The experiments show that AIE-YOLO can obtain the context information around the small object by expanding the receptive field, and in particular, the 21 × 21 receptive field branch can capture the global features that are helpful for small object recognition. At the same time, an additional element-wise multiplication operation can obtain the attention feature map to prevent small objects from being overwhelmed by noise. In addition, the use of wavelet transform can supplement the rich detailed information of small objects, which helps to better locate and classify small objects lacking information in complex scenes, and can effectively improve the detection accuracy of small objects. Faster R-CNN and SSD methods achieve the highest AP in certain categories of detection: Faster R-CNN achieves 89.3% and 91.5% AP for the “ip” and “pl100” categories, respectively, and SSD achieves 88.4% AP for the “il100” category. The mAPs are still slightly lower than AIE-YOLO. In addition, in the object categories with a small number of instances, such as “pl70”, “w32”, and “wo”, AIE-YOLO achieved better AP values of 74.1%, 55.4%, and 50.1%, respectively. This shows that AIE-YOLO can fully mine the feature information of small objects when the number of objects is small.
The inference speed of all the above networks is evaluated on a single Nvidia 3090 GPU with batch size 1. RetinaNet, YOLOv4, and YOLOv5 train the models with the input size 640 × 640. The input size of Fast R-CNN is 1000 × 600, while other approaches have a smaller input size 512 × 512 or 608 × 608. The detection accuracy and speed of each model on the TT100K test set are shown in
Table 3. It can be seen from
Table 3 that the detection speed of our method is slightly lower than YOLOv5, but far faster than other mainstream object detection networks. Even if the image input resolution is lower than Fast R-CNN, the mAP and speed of AIE-YOLO still have a strong competitive advantage, which verifies the effectiveness of the method in this paper.
5. Conclusions
Aiming at the characteristics of small objects with less pixel information and weak feature representation, we propose the AIE-YOLO network to improve the detection accuracy of small objects. The network obtains the global information and local information of the image by constructing the CEM, thus adding deep semantic information which is beneficial to improve the accuracy of small object classification. In addition, an attention feature map is generated to prevent small objects from being overwhelmed by noise in large receptive fields. At the same time, in order to solve the problem that the features of small objects gradually disappear after the downsampling and pooling operations, the wavelet transform is introduced to PANet for improving the effect of multi-scale feature fusion and enhancing the feature expression ability of small objects.
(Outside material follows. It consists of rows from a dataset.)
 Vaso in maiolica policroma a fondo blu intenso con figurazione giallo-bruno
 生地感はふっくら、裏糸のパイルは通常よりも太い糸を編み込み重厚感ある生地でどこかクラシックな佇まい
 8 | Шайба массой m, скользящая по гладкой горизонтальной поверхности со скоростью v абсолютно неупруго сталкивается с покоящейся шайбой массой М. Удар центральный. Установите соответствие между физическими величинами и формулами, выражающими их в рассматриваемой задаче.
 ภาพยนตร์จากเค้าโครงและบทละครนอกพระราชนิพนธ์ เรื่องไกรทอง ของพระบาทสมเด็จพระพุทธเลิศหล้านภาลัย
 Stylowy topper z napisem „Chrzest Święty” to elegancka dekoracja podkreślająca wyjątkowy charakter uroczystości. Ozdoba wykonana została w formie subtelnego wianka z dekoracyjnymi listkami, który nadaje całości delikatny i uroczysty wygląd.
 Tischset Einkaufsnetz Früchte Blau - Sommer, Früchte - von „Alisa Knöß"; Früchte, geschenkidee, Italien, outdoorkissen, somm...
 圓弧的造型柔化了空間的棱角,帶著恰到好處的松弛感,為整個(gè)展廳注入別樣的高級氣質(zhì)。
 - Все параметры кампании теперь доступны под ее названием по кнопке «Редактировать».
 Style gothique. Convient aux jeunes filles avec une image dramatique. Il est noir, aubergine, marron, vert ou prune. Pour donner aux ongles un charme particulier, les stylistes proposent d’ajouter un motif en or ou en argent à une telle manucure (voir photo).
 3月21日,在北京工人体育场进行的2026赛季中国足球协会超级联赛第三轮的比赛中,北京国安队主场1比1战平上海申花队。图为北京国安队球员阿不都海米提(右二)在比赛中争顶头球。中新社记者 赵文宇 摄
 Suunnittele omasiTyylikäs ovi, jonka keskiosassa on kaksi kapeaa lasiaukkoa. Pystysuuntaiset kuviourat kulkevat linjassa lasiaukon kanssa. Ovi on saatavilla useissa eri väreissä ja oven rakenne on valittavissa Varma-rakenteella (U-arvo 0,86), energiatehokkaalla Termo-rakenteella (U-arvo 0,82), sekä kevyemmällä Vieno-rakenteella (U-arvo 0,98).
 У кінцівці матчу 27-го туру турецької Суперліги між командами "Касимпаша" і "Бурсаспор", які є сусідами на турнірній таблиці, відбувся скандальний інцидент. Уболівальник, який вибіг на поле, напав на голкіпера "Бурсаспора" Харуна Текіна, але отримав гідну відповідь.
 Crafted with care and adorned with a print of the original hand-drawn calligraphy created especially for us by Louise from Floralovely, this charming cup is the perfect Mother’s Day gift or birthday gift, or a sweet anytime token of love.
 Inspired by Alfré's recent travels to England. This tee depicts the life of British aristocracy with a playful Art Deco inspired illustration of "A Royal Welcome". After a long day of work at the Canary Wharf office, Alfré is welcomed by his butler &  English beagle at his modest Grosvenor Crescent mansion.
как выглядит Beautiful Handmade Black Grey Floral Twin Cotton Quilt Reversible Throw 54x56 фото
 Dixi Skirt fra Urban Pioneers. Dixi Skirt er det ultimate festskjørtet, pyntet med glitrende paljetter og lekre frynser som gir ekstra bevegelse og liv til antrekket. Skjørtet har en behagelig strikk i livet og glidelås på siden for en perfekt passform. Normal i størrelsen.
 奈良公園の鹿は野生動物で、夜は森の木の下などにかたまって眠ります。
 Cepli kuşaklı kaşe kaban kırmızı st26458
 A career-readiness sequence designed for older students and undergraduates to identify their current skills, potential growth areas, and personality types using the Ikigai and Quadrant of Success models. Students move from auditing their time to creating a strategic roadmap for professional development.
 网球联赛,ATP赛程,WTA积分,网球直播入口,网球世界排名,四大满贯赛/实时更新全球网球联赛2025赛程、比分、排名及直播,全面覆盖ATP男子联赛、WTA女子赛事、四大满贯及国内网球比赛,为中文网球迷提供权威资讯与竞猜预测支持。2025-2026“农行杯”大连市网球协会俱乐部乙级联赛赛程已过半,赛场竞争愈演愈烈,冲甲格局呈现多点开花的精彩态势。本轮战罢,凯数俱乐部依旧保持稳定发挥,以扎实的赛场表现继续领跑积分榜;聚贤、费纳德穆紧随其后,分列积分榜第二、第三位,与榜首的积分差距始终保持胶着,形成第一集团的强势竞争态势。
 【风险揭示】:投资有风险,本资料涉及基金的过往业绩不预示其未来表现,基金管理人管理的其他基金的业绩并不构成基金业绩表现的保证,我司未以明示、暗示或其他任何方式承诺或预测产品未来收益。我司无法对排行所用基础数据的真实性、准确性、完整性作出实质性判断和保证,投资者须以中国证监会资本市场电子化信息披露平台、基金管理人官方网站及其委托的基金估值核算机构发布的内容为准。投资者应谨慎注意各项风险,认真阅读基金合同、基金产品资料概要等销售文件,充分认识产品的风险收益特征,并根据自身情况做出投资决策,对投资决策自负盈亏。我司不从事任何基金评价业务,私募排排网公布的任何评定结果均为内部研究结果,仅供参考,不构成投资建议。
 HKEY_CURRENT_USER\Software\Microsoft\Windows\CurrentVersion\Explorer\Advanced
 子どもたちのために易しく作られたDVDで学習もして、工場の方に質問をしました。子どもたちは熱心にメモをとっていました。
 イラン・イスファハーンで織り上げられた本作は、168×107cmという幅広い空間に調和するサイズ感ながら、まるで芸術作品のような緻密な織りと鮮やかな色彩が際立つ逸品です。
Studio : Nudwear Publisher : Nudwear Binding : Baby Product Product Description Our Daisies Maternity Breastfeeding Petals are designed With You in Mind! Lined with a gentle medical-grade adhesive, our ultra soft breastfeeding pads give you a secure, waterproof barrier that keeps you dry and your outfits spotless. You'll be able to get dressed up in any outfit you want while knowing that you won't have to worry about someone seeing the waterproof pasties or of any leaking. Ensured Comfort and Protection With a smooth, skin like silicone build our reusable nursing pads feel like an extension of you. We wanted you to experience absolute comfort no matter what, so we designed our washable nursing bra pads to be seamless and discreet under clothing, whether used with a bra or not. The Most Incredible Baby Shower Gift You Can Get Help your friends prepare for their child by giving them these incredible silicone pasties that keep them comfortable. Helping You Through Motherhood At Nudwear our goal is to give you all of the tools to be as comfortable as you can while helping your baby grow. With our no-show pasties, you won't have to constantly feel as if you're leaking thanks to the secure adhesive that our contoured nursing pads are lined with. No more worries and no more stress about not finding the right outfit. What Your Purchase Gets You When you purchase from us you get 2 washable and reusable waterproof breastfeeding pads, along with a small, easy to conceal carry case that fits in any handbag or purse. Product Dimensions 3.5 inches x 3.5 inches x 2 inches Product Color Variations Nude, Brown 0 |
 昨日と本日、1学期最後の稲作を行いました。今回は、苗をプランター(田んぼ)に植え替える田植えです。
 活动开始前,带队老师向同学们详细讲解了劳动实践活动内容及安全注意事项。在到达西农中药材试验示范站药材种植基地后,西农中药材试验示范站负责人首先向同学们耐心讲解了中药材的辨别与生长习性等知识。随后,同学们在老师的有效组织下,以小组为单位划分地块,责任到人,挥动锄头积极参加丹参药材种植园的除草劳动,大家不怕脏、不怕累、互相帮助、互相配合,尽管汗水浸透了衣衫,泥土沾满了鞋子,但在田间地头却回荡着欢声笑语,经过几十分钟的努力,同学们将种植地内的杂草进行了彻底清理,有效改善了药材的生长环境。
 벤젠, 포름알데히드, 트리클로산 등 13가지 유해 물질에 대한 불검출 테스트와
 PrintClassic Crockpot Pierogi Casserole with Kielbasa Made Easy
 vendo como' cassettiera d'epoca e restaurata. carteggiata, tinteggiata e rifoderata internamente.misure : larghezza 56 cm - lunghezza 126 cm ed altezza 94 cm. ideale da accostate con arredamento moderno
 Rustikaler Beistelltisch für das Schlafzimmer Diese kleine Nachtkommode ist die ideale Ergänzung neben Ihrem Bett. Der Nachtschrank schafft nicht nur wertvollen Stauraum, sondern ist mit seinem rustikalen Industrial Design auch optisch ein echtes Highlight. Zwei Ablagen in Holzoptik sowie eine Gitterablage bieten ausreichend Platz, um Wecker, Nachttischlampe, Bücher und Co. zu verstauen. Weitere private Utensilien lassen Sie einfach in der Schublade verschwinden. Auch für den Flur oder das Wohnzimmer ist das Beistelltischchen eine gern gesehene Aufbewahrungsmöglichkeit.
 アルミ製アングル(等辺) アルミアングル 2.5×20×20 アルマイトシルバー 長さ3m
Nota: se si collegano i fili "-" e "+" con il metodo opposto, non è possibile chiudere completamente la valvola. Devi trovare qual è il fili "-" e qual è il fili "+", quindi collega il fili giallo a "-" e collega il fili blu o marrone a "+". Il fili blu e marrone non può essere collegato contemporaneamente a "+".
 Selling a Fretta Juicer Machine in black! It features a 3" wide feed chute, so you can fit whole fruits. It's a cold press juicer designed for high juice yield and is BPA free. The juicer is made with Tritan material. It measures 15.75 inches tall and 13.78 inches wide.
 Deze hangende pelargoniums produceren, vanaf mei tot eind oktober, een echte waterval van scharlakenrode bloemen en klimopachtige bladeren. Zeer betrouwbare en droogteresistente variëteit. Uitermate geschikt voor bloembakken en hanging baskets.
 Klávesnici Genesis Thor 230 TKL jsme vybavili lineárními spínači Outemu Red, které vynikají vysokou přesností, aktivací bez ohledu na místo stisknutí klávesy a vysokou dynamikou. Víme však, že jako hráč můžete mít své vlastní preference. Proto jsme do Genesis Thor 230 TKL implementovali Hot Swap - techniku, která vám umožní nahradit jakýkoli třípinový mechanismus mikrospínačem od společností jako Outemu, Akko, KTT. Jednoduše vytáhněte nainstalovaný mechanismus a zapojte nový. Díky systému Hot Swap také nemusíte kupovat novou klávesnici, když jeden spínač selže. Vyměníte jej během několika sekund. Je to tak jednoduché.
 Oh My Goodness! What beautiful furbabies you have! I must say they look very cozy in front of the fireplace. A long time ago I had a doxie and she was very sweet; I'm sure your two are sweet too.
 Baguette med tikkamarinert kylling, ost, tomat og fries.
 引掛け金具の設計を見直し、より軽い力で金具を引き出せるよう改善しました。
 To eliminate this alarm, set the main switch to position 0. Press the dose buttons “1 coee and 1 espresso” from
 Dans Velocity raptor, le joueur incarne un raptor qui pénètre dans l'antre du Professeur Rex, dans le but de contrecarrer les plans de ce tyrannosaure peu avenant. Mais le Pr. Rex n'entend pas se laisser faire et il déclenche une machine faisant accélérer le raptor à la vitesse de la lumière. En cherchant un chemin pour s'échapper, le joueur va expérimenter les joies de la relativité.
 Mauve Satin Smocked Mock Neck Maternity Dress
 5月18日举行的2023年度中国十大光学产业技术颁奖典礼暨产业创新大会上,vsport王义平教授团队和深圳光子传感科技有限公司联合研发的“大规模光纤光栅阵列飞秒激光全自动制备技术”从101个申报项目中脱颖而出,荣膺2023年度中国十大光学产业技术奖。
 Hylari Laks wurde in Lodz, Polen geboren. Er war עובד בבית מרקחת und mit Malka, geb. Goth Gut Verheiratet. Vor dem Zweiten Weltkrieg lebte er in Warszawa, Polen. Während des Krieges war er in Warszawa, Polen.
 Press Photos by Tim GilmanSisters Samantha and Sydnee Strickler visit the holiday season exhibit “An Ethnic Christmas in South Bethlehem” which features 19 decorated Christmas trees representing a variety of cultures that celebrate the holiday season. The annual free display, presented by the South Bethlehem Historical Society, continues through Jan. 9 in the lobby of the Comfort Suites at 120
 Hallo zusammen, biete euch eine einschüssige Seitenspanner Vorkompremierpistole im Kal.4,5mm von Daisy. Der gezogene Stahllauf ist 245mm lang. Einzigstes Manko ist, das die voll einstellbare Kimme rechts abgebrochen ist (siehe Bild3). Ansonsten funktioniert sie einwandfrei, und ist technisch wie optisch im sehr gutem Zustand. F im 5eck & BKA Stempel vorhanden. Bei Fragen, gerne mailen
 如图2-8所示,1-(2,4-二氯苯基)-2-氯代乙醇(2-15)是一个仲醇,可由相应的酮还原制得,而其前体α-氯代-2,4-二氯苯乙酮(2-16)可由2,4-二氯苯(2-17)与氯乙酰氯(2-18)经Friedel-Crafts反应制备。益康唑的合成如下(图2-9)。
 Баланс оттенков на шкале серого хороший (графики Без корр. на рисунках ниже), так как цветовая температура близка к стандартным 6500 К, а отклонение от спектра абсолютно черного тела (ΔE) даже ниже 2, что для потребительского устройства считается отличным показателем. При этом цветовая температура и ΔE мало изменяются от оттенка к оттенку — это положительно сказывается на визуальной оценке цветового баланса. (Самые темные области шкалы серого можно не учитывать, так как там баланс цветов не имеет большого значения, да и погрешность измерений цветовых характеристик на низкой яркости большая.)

On the TT100K data set, AIE-YOLO achieves 84.8% mAP, a 9.5% improvement over the baseline, while reaching a speed of 100.7 FPS. At the same time, it has strong competitiveness compared with other mainstream detection networks.
The results show that the AIE-YOLO network can sacrifice a small amount of speed in exchange for an effective improvement in the accuracy of small object detection, and is more suitable for small object detection tasks in complex environments. Our work provides a reference for research on obtaining higher accuracy for traffic sign detection in autonomous driving. In addition, the methods proposed in this paper can also be used in areas where a large number of small targets need to be detected from the image, such as intelligent medical treatment, defect detection, and aerial image analysis.